What distinguishes the work of Richard Bonneau at New York University and Nitin Baliga and colleagues at the Institute for Systems Biology from other network analyses is that the archaeon that they chose to model, H. salinarum, is relatively unstudied. As there was very little information other than gene ontologies available, the researchers resorted to a data-driven approach. They subjected the archaea to environmental and genetic perturbations, used microarrays to monitor changes in gene expression over time, identified clusters of co-regulated genes, and used these clusters as the basis for building a functional network.

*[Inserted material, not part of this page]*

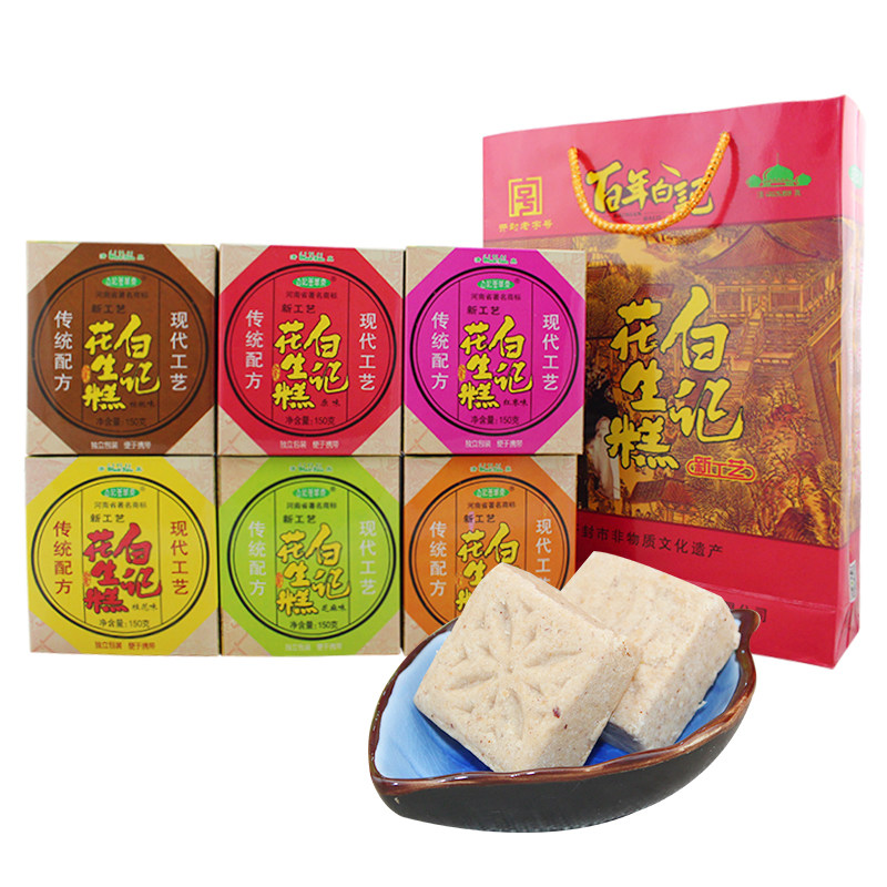 Kaifeng Specialty Baiji Peanut Cake 150gx6 Peanut Crisp Chinese Pastry Traditional Dim Sum Special Snack Gift Box

In this case as well, the network is predictive. By carrying out 131 microarray experiments in parallel, Baliga and colleagues showed that the network predicts transcriptional responses to many different perturbations that were not used to initially build it. “It suggests that you need a finite number of perturbations to build a useful model,” says Baliga. “This has exciting implications for using the approach on other organisms about which not much is known.” What is more, Baliga predicts that one should be able to build such networks using data obtained purely from environmental perturbation studies. This would open up the analysis of organisms for which genetic manipulation is still not possible.

The other eventual application of this work is to synthetic biology—the building of cells. Recent reports on the de novo synthesis of microbial genomes have received a great deal of attention, but this, as Baliga puts it, is merely molecular engineering technology. “What you need,” he emphasizes, “and which the synthetic biologists don’t have, are the comprehensive circuit diagrams for a whole cell. And we’re providing the circuit diagrams.”